But his power comes from a deep seated rage. Where Sam Spade might pretend to lose his temper to scare the other side, Bud White really means it. I decided to show you the scene below from the middle of the movie, because it's a more heightened example.
The set up is this: Bud's fellow detectives are investigating a murder at an all night diner. They've picked up a couple of young men with blood on their clothes, and a fellow cop (Exley, played by Guy Pearce) who is brilliant at interrogation has them in adjoining interrogation rooms. He's just gotten the younger one to confess... except not to the crime they're investigating. This is a crime they don't even konw about -- a Rape. (The ultimate in woman abuse!)
As the clip begins as everyone is just beginning to realize that this is a whole different case. (It's only about a minute and a half.)
Exley is by the book, and good at what he does, but when it comes to abuse of women, Bud it outside and above the law. And his simple direct brute force dominates everything -- the oak chair, Exley, the suspect.
When that inner rage is triggered, Bud becomes a vigilante.
However, that incredible force of nature makes him valuable to the LAPD of the time, so for him vigilantism is just a hobby that comes in useful at his day job.
And he's a nice bridge into the last group I wanted to talk about in this series: the Rogues.
Sir Percy Blakeney - Laissez-faire Rogue
There are a lot of characters in film and literature who work outside the law. However, most of them are not great examples for this series. They're free spirits. They aren't into dominance so much as twitting the authorities. Often they are thieves and rescuers. They right wrongs. Bad guys may be punished, but mostly bad guys are just stopped from doing their evil deeds.
The Scarlet Pimpernel is a perfect example of this laissez-faire hero -- he rescues people from the guillotine. He does his best not to kill anyone, or to hurt anyone more than necessary. Late in the series, he even rescues his nemesis -- a man who certainly deserves to lose his head if anyone does. (Although I have to admit it has been a long time since I read that book. Maybe Chauvelin does get caught, but the person who matters most to him is saved. But I think he is left to live out his life in peace, knowing it is by the grace of a hero.)
While the Pimpernel loves to push the buttons of authority figures (sometimes playing the same sort of psychological games as Columbo) dominance is not his thing. As a matter of fact, his thing is sometimes showing that he could dominate but won't. Becuase domination is what villains do.

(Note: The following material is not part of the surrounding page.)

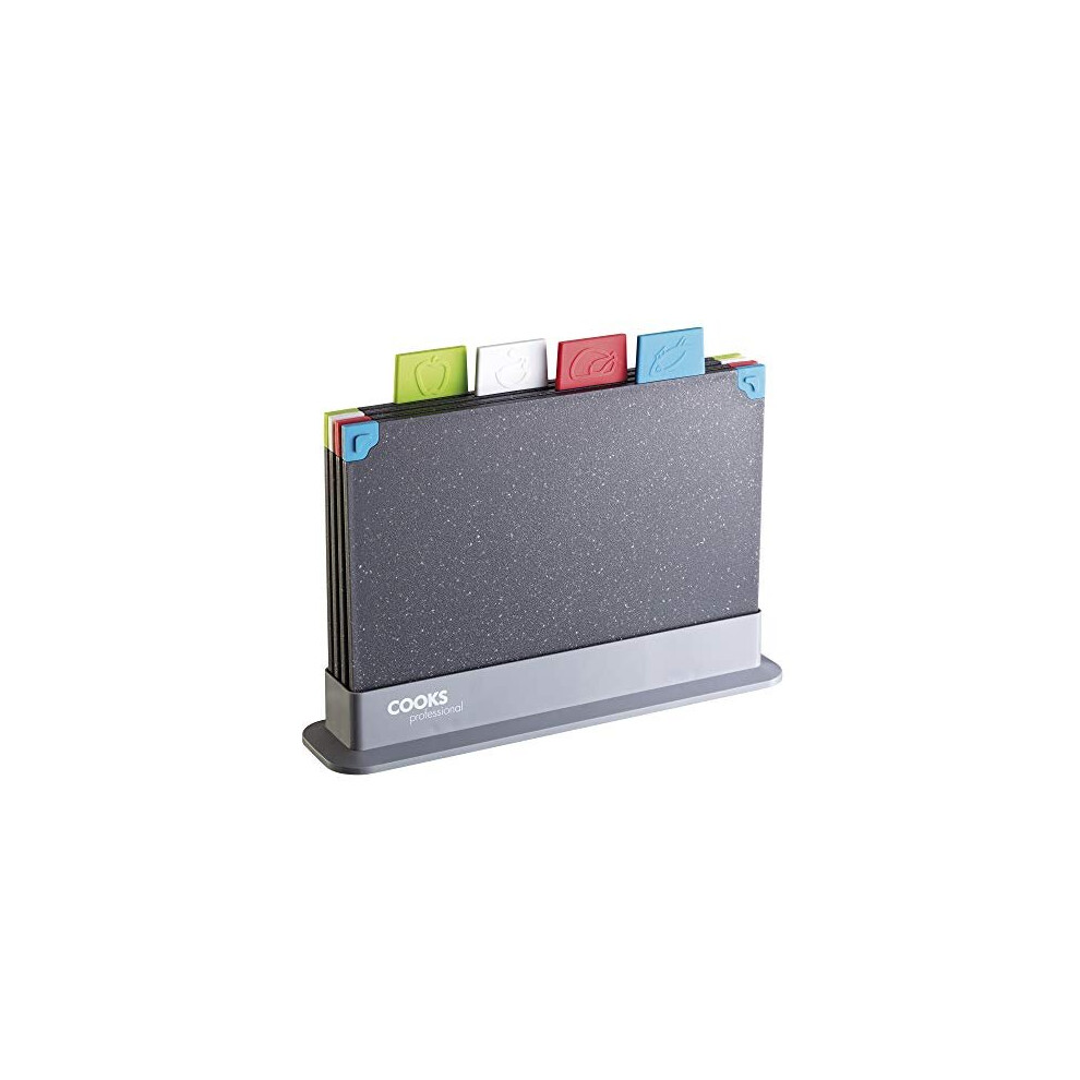 Cooks Professional 4-Piece Non-Slip Chopping Board Set with Storage Case, Granite Effect, Colour-Coded for Fruit & Vege, Dishwasher Safe

But there is one rogue hero who is all about domination: The Saint. The original Simon Templar wasn't the idle gentleman adventurer we see in the TV show with Roger Moore. The orginal was a vigilante.
Simon Templar - The Man Who Hates Crooks
The Saint's modus operandi was to target a villain -- say a drug dealer or head of a gang -- rob him, humiliate him, and hand him over to justice, and then take ten percent of the proceeds and give the rest to charity. He did this as an outlaw, and the police were always on his trail. (Though he often managed to keep his nose above legal hot water, and was also a friend to his persuers on the police force.)
He reveled in the intimidation and humiliation and sometimes put the victims at risk to be sure he could properly punish the bad guys. Of course, he did it with more style than Bud White. His signature card -- that stick figure with the halo that is associated with the character to this day -- was intended to terrify his target. While the Scarlet Pimpernel left his calling card behind after a rescue, the Saint left it up front, a warning like the Black Spot: "I'm coming for you."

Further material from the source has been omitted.